Raccoon rhymes with Baboon

In the states, our concern with trash storage and removal usually revolved around raccoons.  Many times, if we forgot to completely secure the lid on our trash bin in PA, we would wake the next morning to discover our friendly neighborhood scavengers had done their best to remove, scatter, and scrape out the last bit of whatever edible morsels they could find, leaving a wonderful, stinky mess to recollect and try to put back into the shredded plastic bag from which it came.

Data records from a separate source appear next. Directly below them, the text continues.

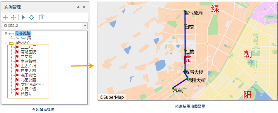 - 执行完成后,分析得到的站点名称会自动显示到当前地图展示;在实例管理窗口中生成途径站点结果依次排列在途径站点的信息目录树中,单击某一具体站点,地图中将自动定位至该站点并高亮显示。
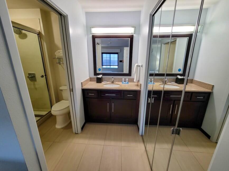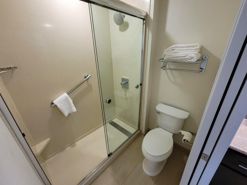 The actual bathroom is separated by a door and only features a walk-in shower instead of a bathtub and shower combination.
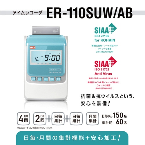 マックス タイムレコーダ 抗菌・抗ウイルス仕様 ホワイト 電波時計付 ER-110SUW/AB 1台(ご注文単位1台)【直送品】
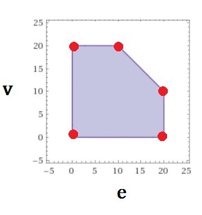 (e,v)=(0,20) >> Money = 80e+5v = 80*0+5*20 = 100
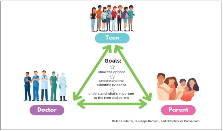 - Trusting relationships are foundational for effective triadic shared decision making. Families value clear explanations, direct engagement with adolescents, and reassurance that choices can be revisited over time. Families and clinicians felt these behaviors could help reduce anxiety, build confidence, and ensure all members of the triad feel heard and supported.
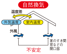 外風や、室内と外の温度差などの自然環境を利用して室内の空気の入れ替えを行う。
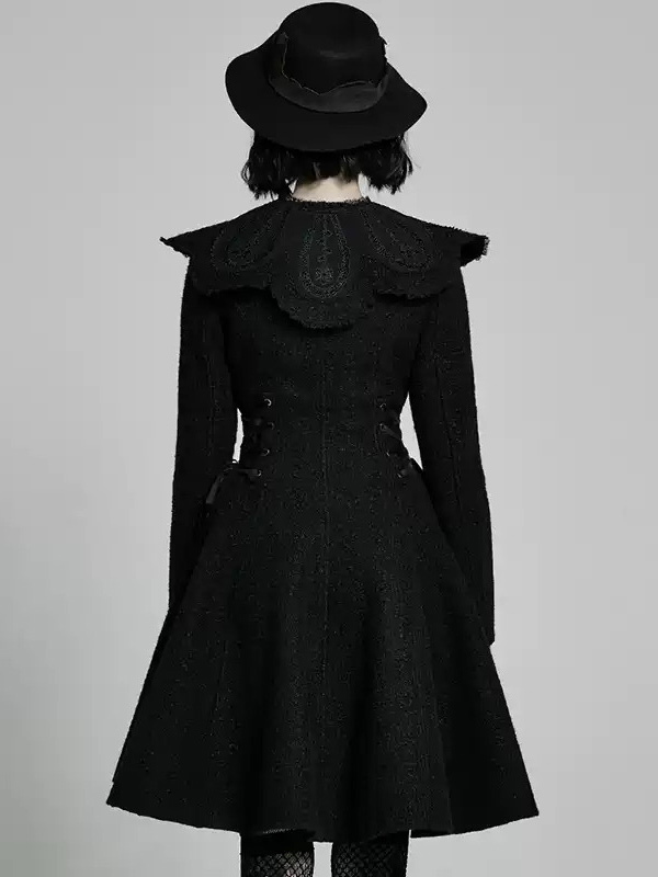 Gothic Lolita Coats Black Coat Pom Poms Overcoat Polyester Winter Lolita Outwears
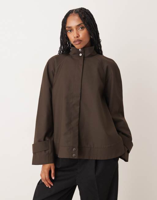 ASOS DESIGN - Veste évasée habillée à col montant et manches raglan - Chocolat
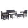 Set muebles de jardín 4 piezas y cojines ratán sintético marrón
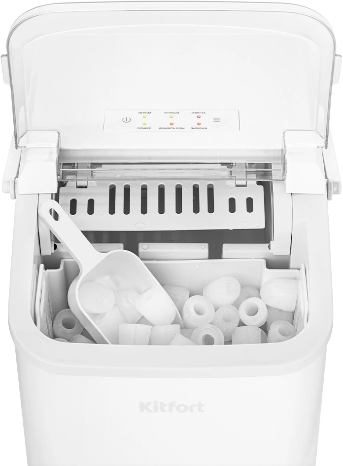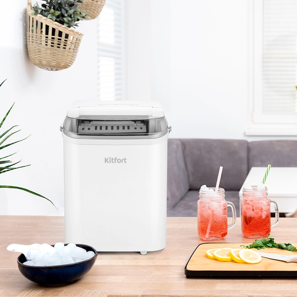 Льдогенератор КТ-1831 – прибор, который быстро генерирует лёд. Его можно использовать дома для приготовления холодных напитков или для охлаждения жидкостей. Готовый лёд не подмораживается, а медленно тает благодаря термоизолированным стенкам.
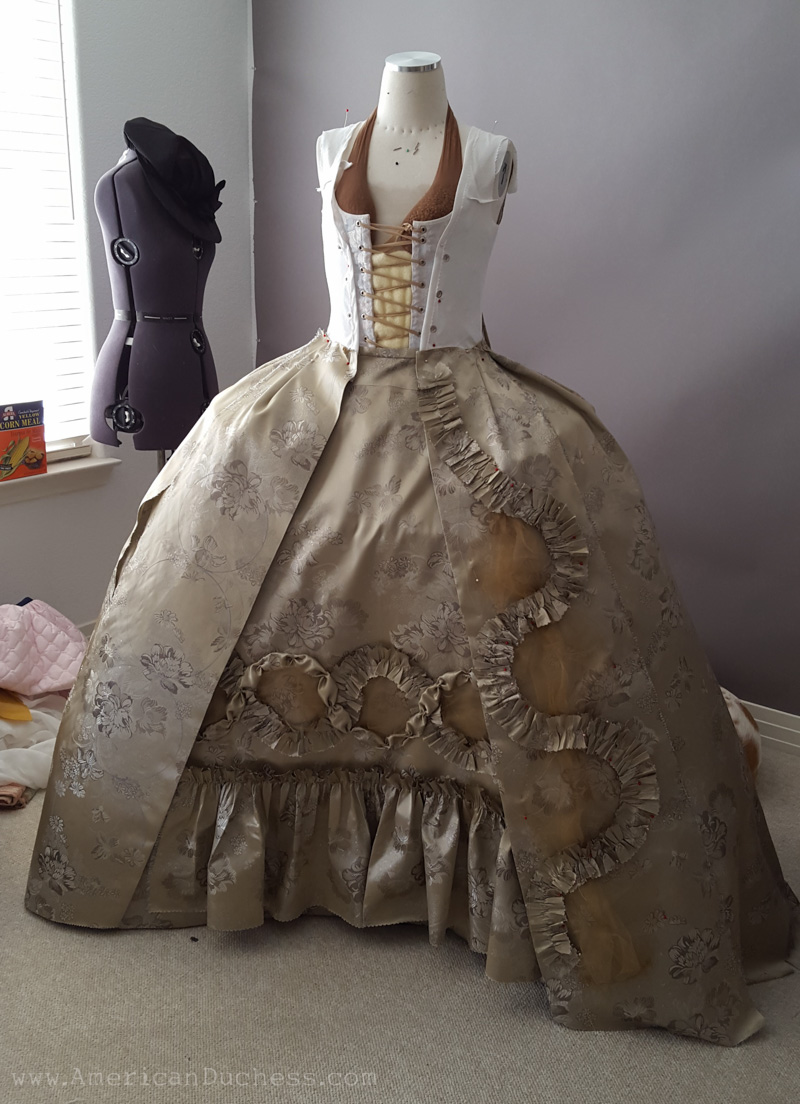 | Trims - finished on the petticoat and in progress on the gown front panels. |

Fast forward to Africa.  Kenya is completely devoid of raccoons (to my knowledge) but that doesn’t mean another member of the animal kingdom hasn’t stepped in to fill their role.  Here at RVA, as any veteran can share, it’s the baboons you need to worry about.  As the newbies on the block, the thought of seeing baboons around campus is kind of exciting – our boys especially, although scared to death of them and sure that these storied creatures are more foe than friend, are very anxious to spot their first baboon.  To date, we’ve only experienced one instance of nighttime-baboon-trash-removal, and it consisted mostly of Evie’s dirty diapers being strewn about our yard.  Not pleasant, but thankfully there were only a few in the trash barrel that night! 

Guard trail
 
There are other types of monkeys around too, and so one sunny Saturday morning the kids and I set off on a “monkey hunt”.  Most of the sightings we’d heard about were near the perimeter fence, so our trek consisted of a good 2-hour hike around the guard trail.  I guess it’s about 4km long, and it completely encircles the campus.  They call it the guard trail because it is mostly used by the 6 or 7 security guards that are stationed 24 hours at the three gates into campus and who patrol on a nightly basis along this path.  It turns out it’s a great hiking trail too, so this is where we chose to seek out our primate neighbors.

DSCN4677
 
Unfortunately, we came back empty-handed (or sighted).  No monkey sightings of any kind were had that day.  The one instance of excitement that quickly turned into not-so-exciting was our discovery of a pair of large tortoises along the trail.  Very cool to stumble upon if they had been legitimately wild, but we soon found out (mostly clued in by the fading painted name, “Tilly”, on their shells) that they were in fact pets of the Tilly family on campus!  


DSCN4678
 
The other success story that resulted from our adventure was discovering a few great look-out spots.  The view from pretty much anywhere on campus can be awe-inspiring, but one that we found along the bottom portion of the trail was stop-you-in-your-tracks cool.  It’s hard to see in the picture (our cameras have yet to get a photo that does the views here any justice), but it’s a great look at Mount Longonot (the highest point around and a great hike from what we hear) and the valley below.  Ethan’s inquisitive thoughts came out as two questions:  “Is all of that Africa?” shortly followed by, “Can we see Beaver Camp from here?”